INFORMATION PROVIDED ->
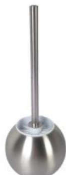
16.607 material: stainless steel dimension: Φ 140xH375mm
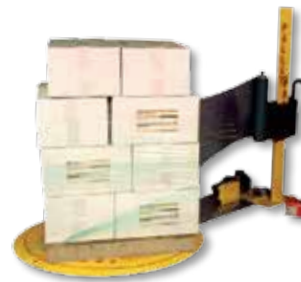
PalletPal Semi-Automatic Stretch Wrapper
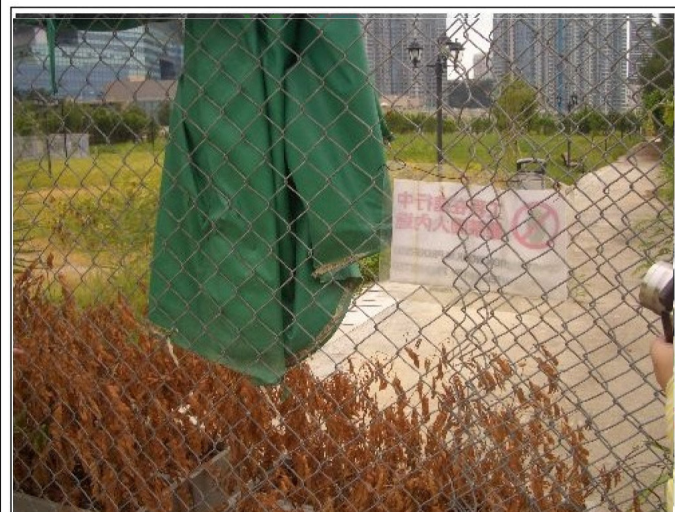
Air Quality Monitoring Location at The Arcade, Cyberport (CM_CB1a)
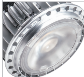
40° Beam Angle

Visit www.cree.com/canada or contact a Cree lighting representative to learn more
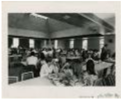
Students in the Dining Hall (MS 0061-26-18-023)
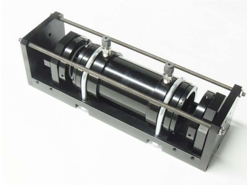
OELPC-100 Gas Cell with built-in isolated chamber
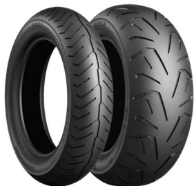
G853 Front & G852 Rear

WORK TASK -> Please copy only the lines from the one that contains "OELPC-100 Gas Cell" through the last line of the records, exactly, and keep every picture out of the copy.

RESULT OF THE TASK ->
OELPC-100 Gas Cell with built-in isolated chamber
G853 Front & G852 Rear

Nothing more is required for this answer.